BAH! this is annoying! I thought seagate was supposed to be one of the best..
according to http://support.seagate.com/customer/warranty_validation.jsp my warranty is valid until December 2012.. I may upgrade my RAID array to something else (WD) and use these for other purposes (desktop usage?) and when/if they become unusable get them replaced?
this is dissapointing.
It really pissed me off when I figured out what was going on also. First they dropped their warranty from 5 to 3 years, then this. Ohh well, live and learn, right?

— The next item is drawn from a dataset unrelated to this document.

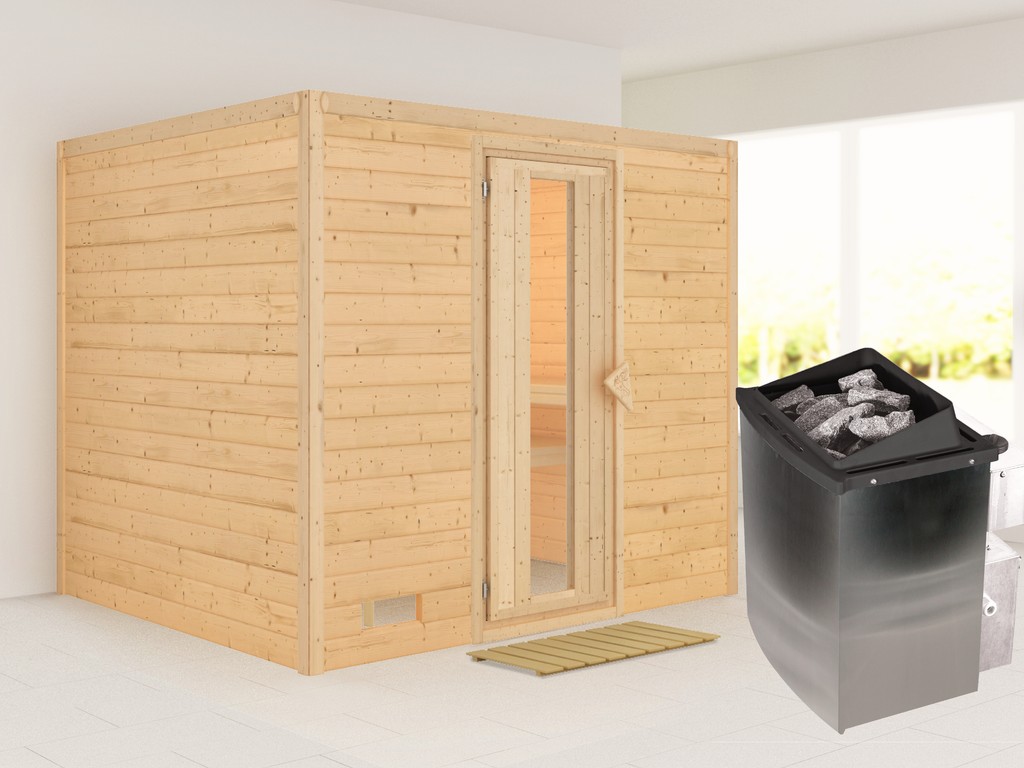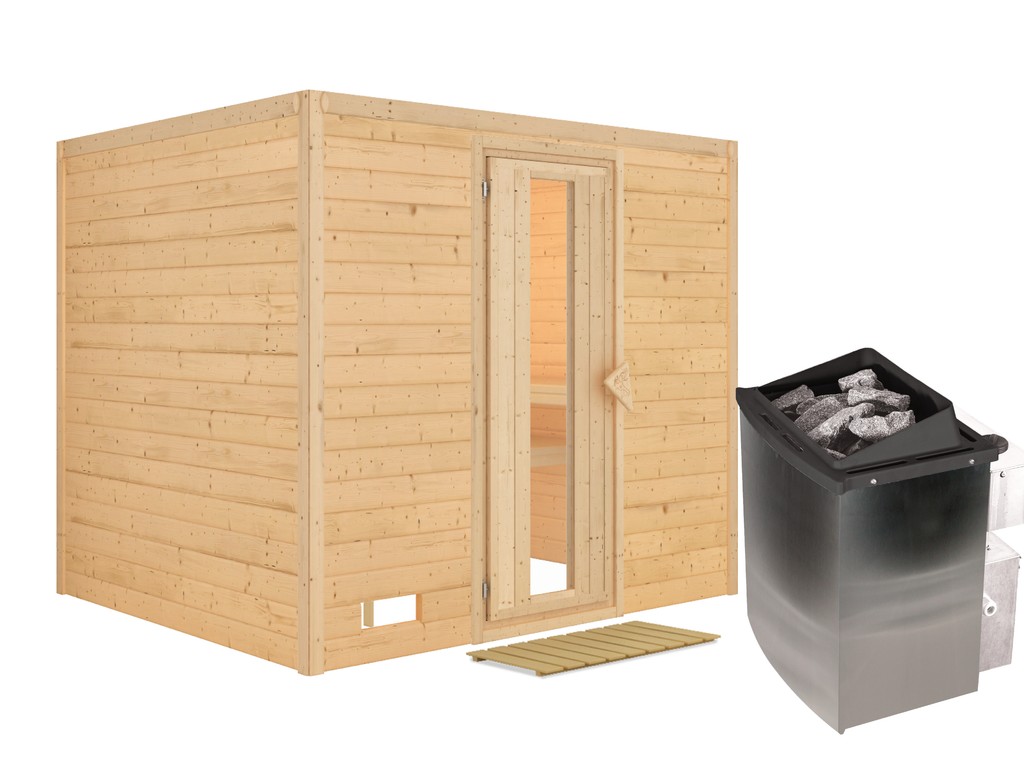 B x T x H: 231 x 196 x 200 cm, 3 Liegen, inkl. 9 kW Saunaofen + int. Steuerung

I loaded CrystalDiskInfo at Nate's suggestion only to discover that my C: drive was not recognized by the software:
I guess I don't have a Seagate system disk. What surprised me was that the software found and reported on one of my USB drives:
Am I right in thinking that this drive is on the brink?
Cheers... Brian
Hi Brian,
The drive's a little warm, but that's pretty standard for the external drives, since they don't have much airflow over them. It still shows that strange behavior with the high seek errors and high read errors, however the reallocated sector count is zero, so it should be alright.

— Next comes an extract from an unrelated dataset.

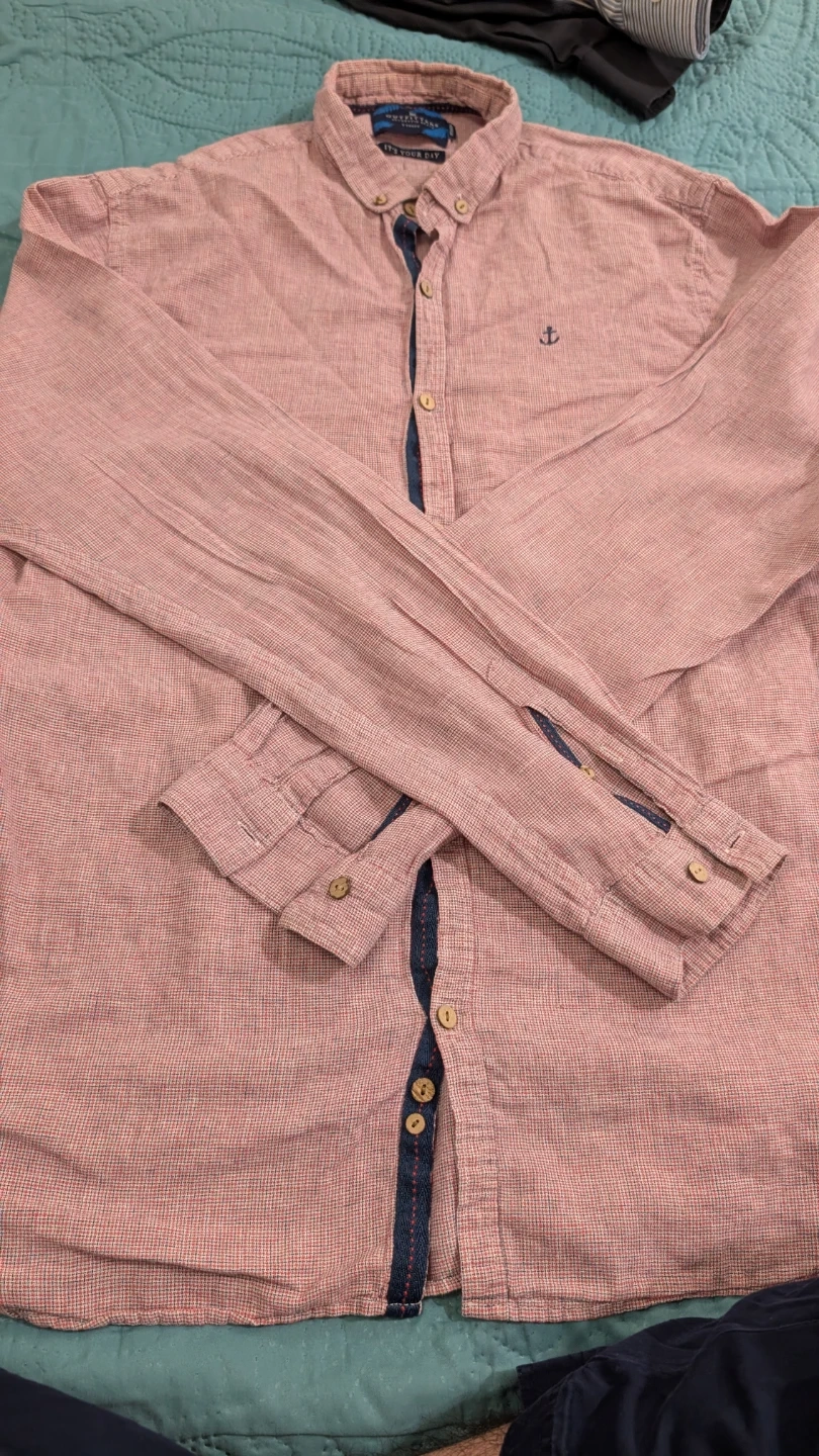 Outfitters authentic brand long-sleeve button-up shirt in a size XL. It's a reddish-pink checkered pattern with navy blue accents on the collar and cuffs. Made for comfortable, casual wear.

I'm not sure why the C: drive isn't showing up. Usually this software can talk to just about any drive. You can try another utility called "Speedfan" which has a new version supporting more chipsets. It's available here.
-Nate
Nate, The way I read it, the reallocated sector count is 100. What should I be looking for?
I downloaded speedfan and here are the results for my C: drive.
Brian,
It's showing zeros in the Raw Value field, so you're alright. All of your other values look like the ones we've seen in the functional drives. Be sure to check up on it every now and then though.
-Nate